Polars 笔记

前言

一、Polars 中的基本概念

1. Data types 数据类型

Polars 支持多种数据类型，主要有数值数据类型（有无符号整数、浮点数）、嵌套数据类型（列表、结构体和数组）、日期时间类数据类型、杂项（字符串、二进制数据、布尔值、分类、枚举和对象）

下表是完整的数据类型，常用的有 Boolean、Int、Uint、Float、Decimal、String、Date、Time、Array、List、Categorical、Struct、Null

类型	说明
Boolean	布尔值
Int8、Int16、Int32、Int64	可变精度有符号整数类型
UInt8、UInt16、UInt32、UInt64	可变精度无符号整数类型
Float32、Float64	可变精度有符号浮点数
Decimal	十进制 128 位类型，具有可选的精度和非负小数位数，如果需要精细确定精度时使用
String	可变长度 UTF-8 编码字符串类型
Binary	二进制数据
Date	日历日期
Time	一天之中的时间类型
Array	每个序列具有固定形状的数组，类似 Numpy
List	长度可变的均质 1D 容器，数组和列表的区别
Object	任意 Python 对象
Categorical	对字符串进行高效编码
Enum	对一组预先确定的字符串类别进行高效有序编码
Struct	存储多个字段的复合类型，结构体
Null	表示 null 值

2. Series 系列

Polars 中的核心数据结构是 Series 序列和 DataFrame 数据帧，序列是一维的同构数据结构，序列中所有元素数据类型一致

2.1 Series 基础操作

# 创建 Series		创建序列时，Polars 自动推断类型，但可以 dtype 参数指定类型
import polars as pl
s = pl.Series("ints", [1, 2, 3, 4, 5])
s2 = pl.Series("unints", [1, 2, 3, 4, 5], dtype=pl.UInt64)
print(s)

3. DataFrame 数据帧

DataFrame 是一种二维异构数据结构，其中包含不同命名的序列

3.1 DataFrame 基础操作

# 创建 DataFrame
from datetime import date
df = pl.DataFrame(
    {
        "name": ["Alice", "Ben", "Chloe"],
    	"birthdate": [
            date(2000, 1, 2),
            date(2001, 2, 22),
            date(2003, 3, 4),
        ],
        "weight": [57.6, 72.1, 65],
        "height": [1.68, 1.77, 1.82]
    }
)

3.2 检查 DataFrame

Head 预览头几行

.head() 函数展示 DataFrame 的前几行，方便预览数据
1
2
print(df.head()) # 默认输出 5 行
print(df.head(5)) # 指定行数
Glimpse 一瞥

.glimpse() 函数显示 DataFrame 前几行的值，但是输出格式与 .head() 不同，是类似转置后的格式，横向展示数据，.glimpse() 函数仅适用于 Python 版 Polars
1
print(df.glimpse(return_as_string=True))
Tail 尾巴

.tail() 函数显示 DataFrame 的最后几行，格式与 .head() 一致，且默认也为 5 行
1
print(df.tail(6))
Sample 样本

.sample() 函数从 DataFrame 中获取任意数量的随机选择的行。
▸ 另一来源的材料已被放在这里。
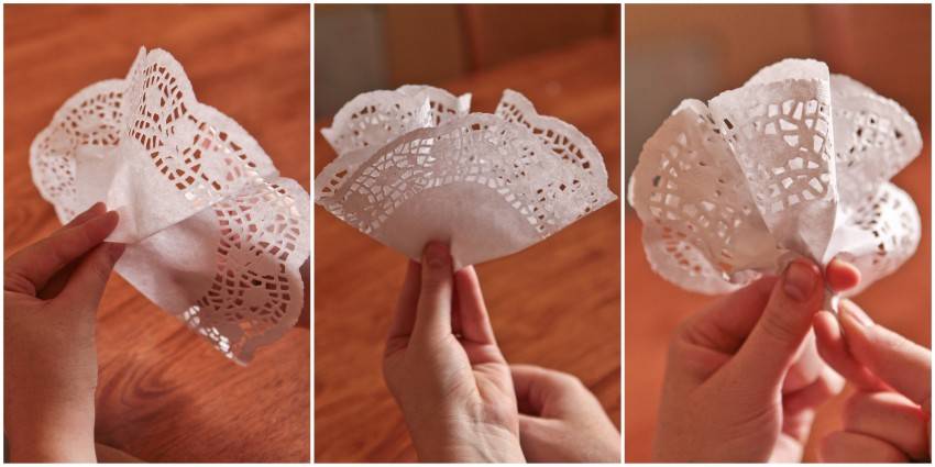 * Как и в первом случае, салфетку нужно сложить пополам по диагонали.
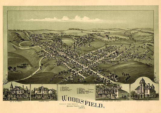 Woodsfield-Ohio 1899 White Modern Wood Framed Art Print with Double Matting by Vintage Places
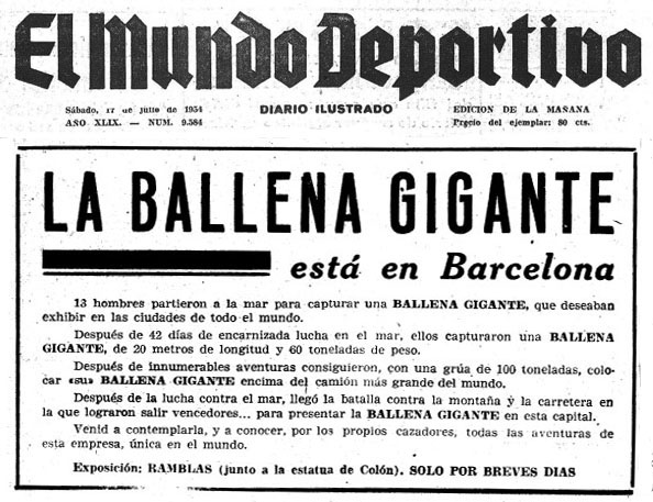 Seguidament va viatjar a Sant Sebastià, Pamplona i Saragossa on la varen exposar uns dies, i després aniria a Barcelona fins el 4 de agosto, on la varen exhibir al costat de l'estàtua de Colom, i va seguir cap Arenys de Mar. Probablement, d'aqui seguiria viatge a França i Itàlia, segons la publicitat dels diaris de l'època, i tornaria per ser visitada a diverses poblacions gironines (Girona, Figueres, Ripoll el 21 de desembre). ![]() (Ampliar) - Anunci de 'El Mundo Deportivo' del 17 de juliol de 1954, que informa de la presència de la balena a Barcelona. A partir d'aquest moment, la única referècia documental que hem localitzat del seu periple és el diari "El Ripollès" de l'U de gener de 1955, on s'informa que després de la visita a aquesta població de Ripoll el 21 de desembre de 1954, la balena iniciava una gira per Itàlia, Suïssa, Alemanya, Bèlgica i Holanda, on seria embarcada a Amsterdam per fer una altra tournée de tres mesos per diversos països d'Amèrica del Sud, gires que sembla no es varen dur a terme, atès que el 26 de febrer de 1955 estava a Granada, on va ser instal·lada a la plaça de Bibataubín. ![]() (Ampliar) - Un operari preparant la balena a la carpa d'exhibició. Fotograma del documental "Pintoresco y extraño" de NO-DO. ![]() (Ampliar) - Anunci de l'exhibició de la balena a Girona. ![]() (Ampliar) - Uns operaris preparant la balena a la carpa d'exhibició. Fotograma del documental "Pintoresco y extraño" de NO-DO. |
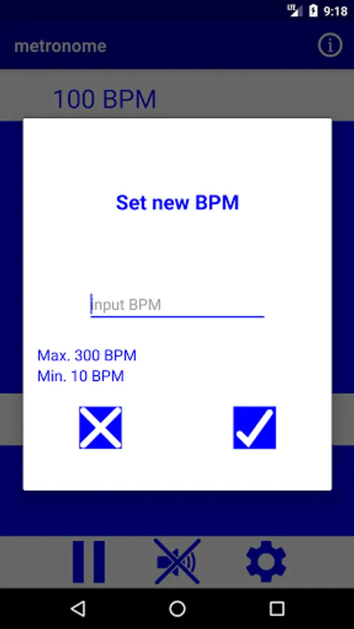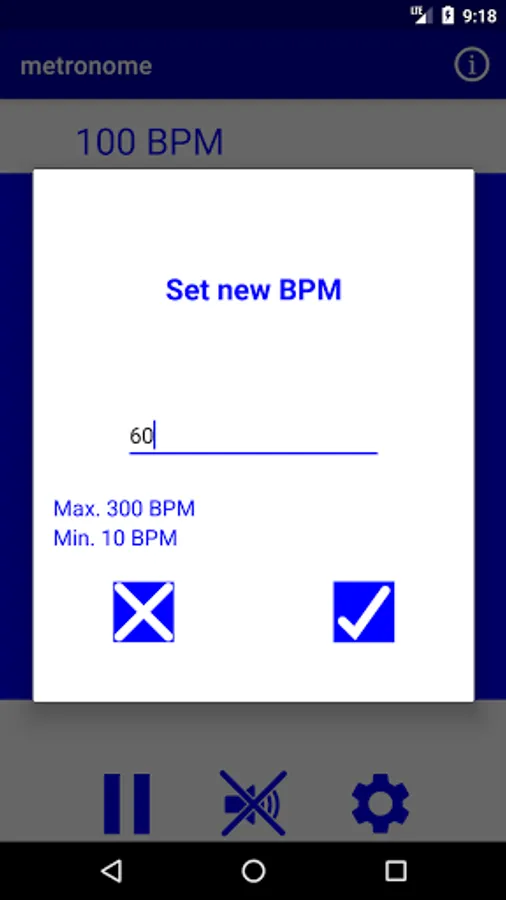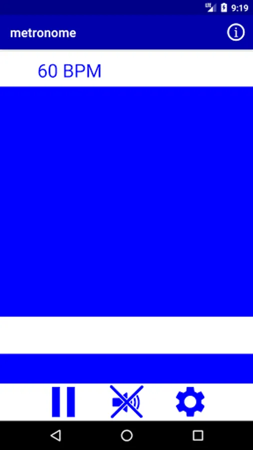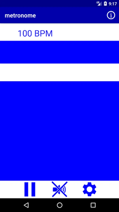 this metronome app is adjustable from 10 to 300 beats per minute BPM, you can pause it and stop the 'click' sound while the moving still bar shows the rhythm.

返回的行不具有 DataFrame 的顺序
1
2
3
import random
random.seed(42)
print(df.sample(7))
Describe 描述

.describe() 函数显示 DataFrame 的列的摘要统计信息
1
print(df.describe())

Schema 架构

.schema 是 DataFrame 的一个属性，表示 DataFrame 的架构，显示的是列或者序列与数据类型的映射

1 2	print(df.schema) # Schema({'name': String, 'birthdate': Date, 'weight': Float64, 'height': Float64})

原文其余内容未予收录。